Japan has decided to require listed companies to disclose in their annual securities reports the ratio of women in management positions, in a bid to increase female leaders in the country's male-dominated corporate world.

The Financial Services Agency's move to oblige about 4,000 firms, mostly listed, comes as investors are paying more attention to how women are promoted and help their companies perform better.

The agency aims to make the disclosure mandatory possibly in fiscal 2023, starting in April next year, through a Cabinet Office ordinance revision.

Pedestrians cross a street in Tokyo's Marunouchi business district on Jan. 11, 2019. (Kyodo) ==Kyodo

Under the Japanese financial watchdog's plan, the listed companies must now also disclose details such as the average pay by gender and the ratio of male workers who took child care leave.

Currently, the securities reports require stating information such as the number of employees and their average age. Under law, companies are penalized for making any false statements.

The plan was presented in late March to a working group of an agency panel tasked to improve information disclosure to investors.

Japan has lagged behind other major economies in achieving gender equality in management-level posts. It ranked 120th among 156 countries in the overall gender gap rankings in 2021, and 117th in economic participation and opportunity, according to the World Economic Forum, a Swiss-based think tank.

File photo taken in April 2017 shows the building that houses the Financial Services Agency in Tokyo. (Kyodo)  

Data from the Ministry of Internal Affairs and Communications showed that the female manager ratio in Japan stood at 13.2 percent in 2021, below the 30 to 40 percent seen in the United States and European countries.

The government has failed to meet a goal in 2003 of filling around 30 percent of leadership positions in Japan with women by 2020.

In a policy review in 2020, the government pushed back the date to "as soon as possible within the 2020s."

Gender wage gap has also been an issue of concern, with labor experts attributing this to women working fewer years in continuous employment than men as well as a small number of women in management positions tied with higher salary.

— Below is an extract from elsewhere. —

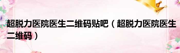 大家好,今天小六子来为大家解答以下的问题,关于超脱力医院医生二维码贴吧,超脱力医院医生二维码这个很多人还不知道,现在让我们一起来看看吧!
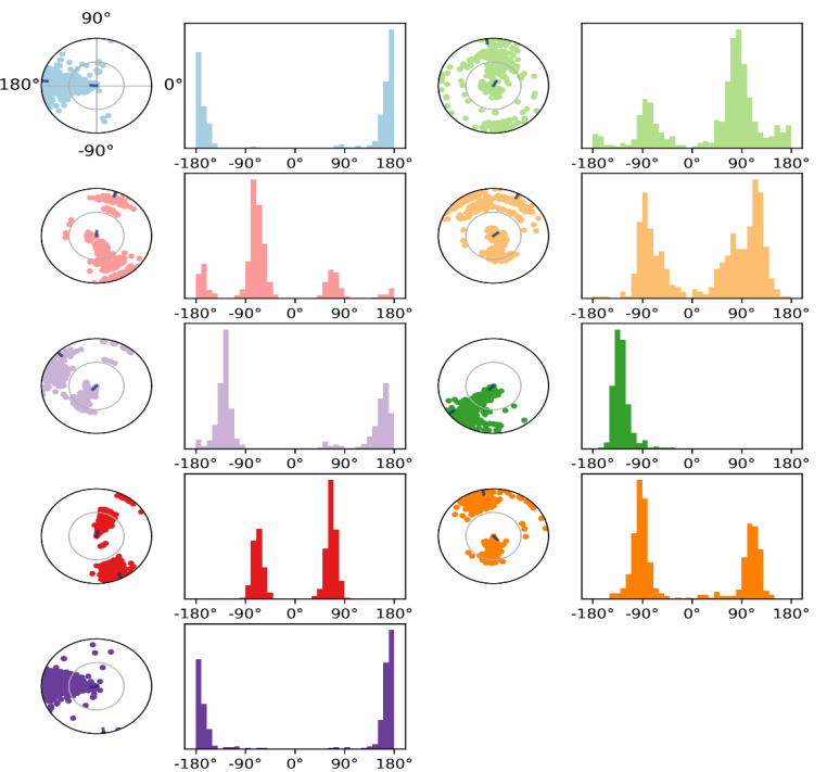 To comprehend the dynamics associated with it, the torsional degrees of freedom in the ligand provided by rotational bonds were examined. A dial plot and bar plot of the same colour accompany each rotatable bond torsion. In S21, a total of nine rotatable bonds have been identified as illustrated in fig. 6.

Women working full-time earned 251,800 yen in monthly salary on average, which is 74.3 percent of the 338,800 yen by men in 2020, according to the Ministry of Health, Labor and Welfare.

Japanese companies had been obliged to disclose the salaries for women and men, but this was struck off from the year through March 1999 to simplify the securities reports.

But the entries of salaries of women and men will once again be required, as this has become one of the barometers for investors in assessing corporate value. The FSA has said research showed a company tends to perform better when it has a higher female manager ratio.

Britain and Germany seek the disclosure of the female manager ratio and set goals for it.

Businesses have also become more proactive in putting women in executive or managerial positions.

According to Waris Co., an employment agency matching companies with candidates for female executives, the number of companies who want to have their first female board member has increased from two years ago.

"With the reorganization of the Tokyo stock market, companies are trying to make themselves more attractive to investors," said Miwa Tanaka, co-CEO of Waris.

On April 4, the Tokyo bourse was reorganized from its four sections into three trading segments -- Prime, Standard and Growth markets -- to lure more foreign investment through stricter listing standards and corporate governance.

The bourse operator has urged the top-tier Prime Market listed companies to improve corporate governance such as by having outside directors make up one-third of board members and enhancing transparency by offering information to investors in English.